Example: Several full mpirun argument bundles in one list (each row is one handle):

$ tpbcli run --kernel stream_mpi --kargs ntest=100,stream_array_size=43690 \
    --kmpiargs-dim "['-np 2 --bind-to core', '-np 2 --bind-to socket', \
                     '-np 4 --bind-to core', '-np 4 --bind-to socket']"

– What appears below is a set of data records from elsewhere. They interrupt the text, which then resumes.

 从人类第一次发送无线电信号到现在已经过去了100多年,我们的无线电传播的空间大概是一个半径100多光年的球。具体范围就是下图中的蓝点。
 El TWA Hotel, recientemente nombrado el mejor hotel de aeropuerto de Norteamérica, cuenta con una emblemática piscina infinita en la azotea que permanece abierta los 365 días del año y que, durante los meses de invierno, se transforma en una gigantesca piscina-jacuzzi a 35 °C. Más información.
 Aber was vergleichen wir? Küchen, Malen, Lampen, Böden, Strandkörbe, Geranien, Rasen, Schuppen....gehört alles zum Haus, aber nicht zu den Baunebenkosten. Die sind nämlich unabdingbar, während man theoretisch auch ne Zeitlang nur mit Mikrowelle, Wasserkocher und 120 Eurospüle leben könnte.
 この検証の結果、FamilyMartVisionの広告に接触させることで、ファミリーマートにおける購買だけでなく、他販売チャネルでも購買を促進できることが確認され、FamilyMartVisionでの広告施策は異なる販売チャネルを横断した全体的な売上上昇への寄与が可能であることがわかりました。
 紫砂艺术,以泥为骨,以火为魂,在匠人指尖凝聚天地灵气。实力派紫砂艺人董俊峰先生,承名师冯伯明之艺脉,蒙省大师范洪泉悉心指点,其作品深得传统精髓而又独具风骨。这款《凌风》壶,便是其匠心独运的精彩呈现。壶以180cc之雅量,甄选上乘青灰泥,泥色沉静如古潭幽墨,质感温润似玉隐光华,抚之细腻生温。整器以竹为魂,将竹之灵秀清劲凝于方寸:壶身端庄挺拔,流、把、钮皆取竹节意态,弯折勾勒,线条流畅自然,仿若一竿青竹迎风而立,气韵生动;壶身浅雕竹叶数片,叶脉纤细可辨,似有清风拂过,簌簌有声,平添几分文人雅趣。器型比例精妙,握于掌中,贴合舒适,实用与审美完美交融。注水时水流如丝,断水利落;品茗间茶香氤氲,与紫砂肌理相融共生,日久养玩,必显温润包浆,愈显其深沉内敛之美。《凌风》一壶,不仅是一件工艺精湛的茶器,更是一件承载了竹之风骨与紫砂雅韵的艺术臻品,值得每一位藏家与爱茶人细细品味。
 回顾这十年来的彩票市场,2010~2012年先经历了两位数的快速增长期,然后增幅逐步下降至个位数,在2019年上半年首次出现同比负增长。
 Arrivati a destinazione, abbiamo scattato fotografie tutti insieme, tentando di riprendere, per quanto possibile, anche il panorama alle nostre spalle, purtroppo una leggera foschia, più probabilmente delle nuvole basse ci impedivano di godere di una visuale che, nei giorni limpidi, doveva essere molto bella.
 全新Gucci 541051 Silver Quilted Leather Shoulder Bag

3) Command Line Visibility

When TPBench executes a PLI kernel, the full command line is printed to the terminal for debugging and analysis. The command line format is:

TPBENCH_TIMER=<timer> [ENV=VAL ...] [mpirun <mpiargs>] <exec_path> <timer> <params...>

Note: MPI arguments are passed directly to mpirun and are not validated by TPBench. Errors will be reported if mpirun subprocesses fail.

2.3 tpbcli database

Synonyms: tpbcli database, tpbcli db.

You must supply a subcommand: list (alias ls) or dump.

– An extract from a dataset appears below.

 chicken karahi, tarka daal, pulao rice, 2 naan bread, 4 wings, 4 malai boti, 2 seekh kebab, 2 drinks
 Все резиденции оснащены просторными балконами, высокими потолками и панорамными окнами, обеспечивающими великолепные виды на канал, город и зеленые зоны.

  • tpbcli db list — Print recent tbatch rows from the workspace index (same data as database list).
  • tpbcli db dump — Requires exactly one of: --id, --tbatch-id, --kernel-id, --task-id, --score-id, --file path, --entry name (see dump --help for semantics). Selectors are mutually exclusive.

Examples:

$ tpbcli db list
$ tpbcli database dump --tbatch-id <40_hex_chars>

2.3.1 Quick Results Access

For most users, the quickest way to review recent benchmark results is:

# List recent runs with basic summary
tpbcli db list

# Get detailed output from the latest log file (includes printed metrics)
LOG_FILE=$(ls -t ~/.tpbench/rafdb/log/tpbrunlog_*.log | head -1)
tail -50 "$LOG_FILE"

The list command shows the TBatchID, number of tasks, and duration. The terminal output during the run (also saved in the log file) typically contains the actual performance metrics (e.g., bandwidth, latency) in human-readable form.

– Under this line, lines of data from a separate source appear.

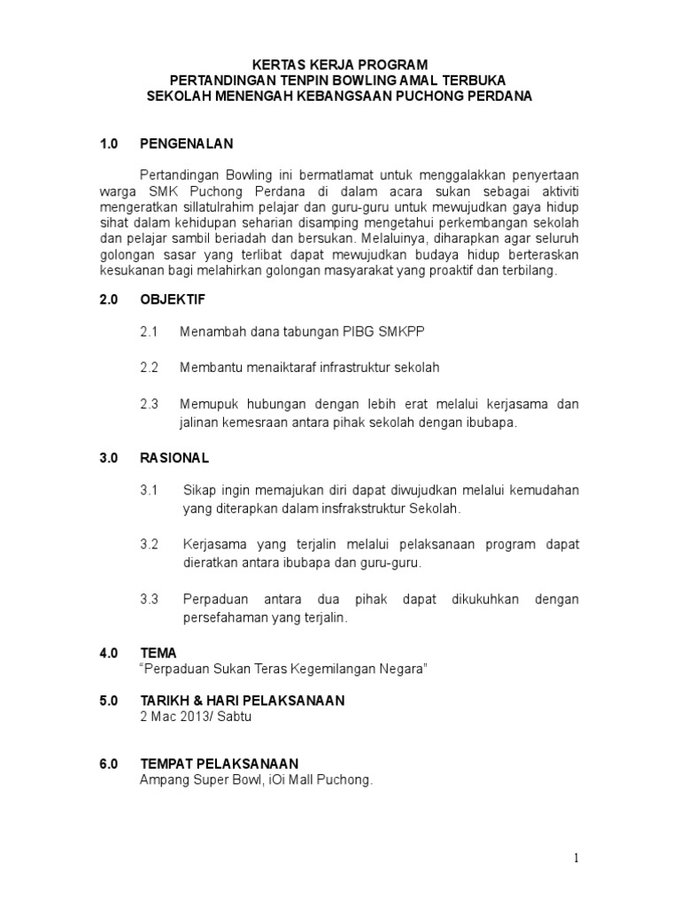 KERTAS KERJA PERTANDINGAN TENPIN BOLING 2016 PROGRAM PENDIDIKAN KHAS INTEGRASI SMK SERI INTAN KLUANG PENGENALAN Pertandingan bowling dalam Program. Kertas kerja program jom bowling di pacific bowling lot 217 tingkat 2 kb mall jalan masa. Tempat pertandingan yang dicadangkan ialah di Pusat Bowling Danga City Mall Johor Bahru.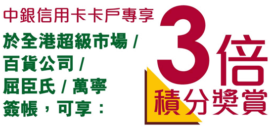 卡戶於全港超級市場 / 百貨公司 / 屈臣氏 / 萬寧簽帳,即享: 3倍簽帳積分獎賞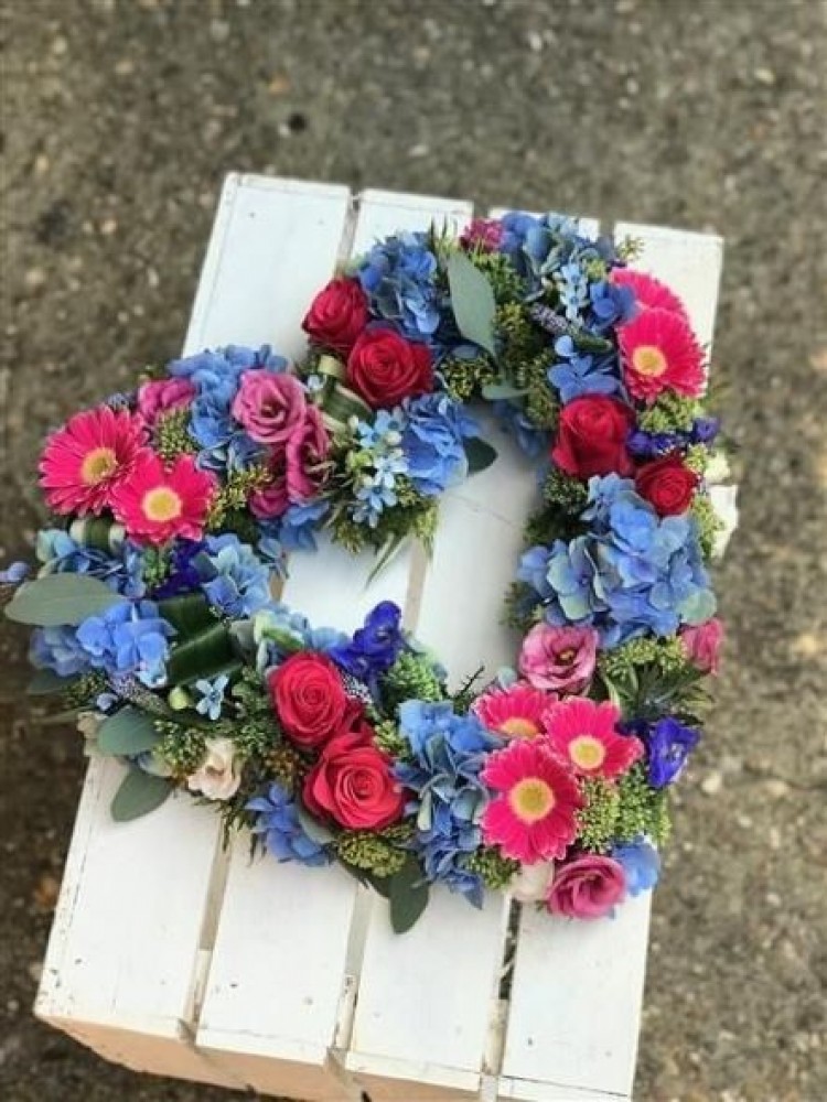 Abeautiful open heart made with a selection of pink and blue flowers specialy chosen to make a stunning tribute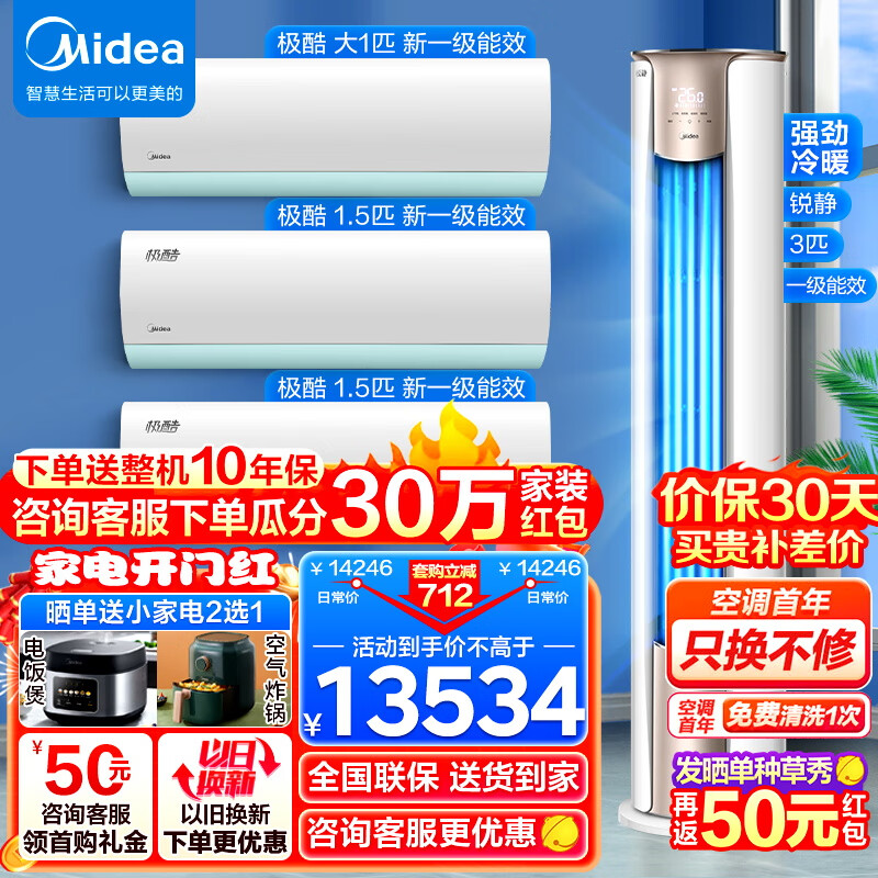 美的(Midea)新一级能效 空调套装 三室一厅 锐静+极酷 省电节能套餐 变频冷暖空调 72VHC1+35VHA1(2台)+26VHA1价格:13334.00元!

2.3.2 Working with MPI Results

For MPI kernels like stream_mpi:

  • Each run creates a task capsule that groups all rank records.
  • tpbcli db list shows the capsule as the entry point (counts as 1 task).
  • To get the capsule ID from a TBatchID:
tpbcli db dump --tbatch-id <TBatchID> | grep -A1 "Record Data"
  • The capsule's .tpbr file contains an array of all rank TaskRecordIDs. Individual rank records have derive_to pointing to the capsule.
  • For aggregate metrics (recommended), use the capsule record:
tpbcli db dump --task-id <CapsuleID>

This outputs the capsule metadata and the list of member task IDs. The actual performance numbers are in the individual rank task records. Use the member IDs to dump specific ranks:

tpbcli db dump --task-id <Rank0TaskID>

2.3.3 Raw Record Exploration

The --entry option shows summary information without needing a specific ID:

# List all task batch entries
tpbcli db dump --entry task_batch

# List all kernel definitions
tpbcli db dump --entry kernel

# List all task entry points (capsules and standalone tasks)
tpbcli db dump --entry task

Note: .tpbr files contain binary record data. For automated analysis, consider parsing these with a script using the rafdb API or converting to JSON/CSV via custom tools.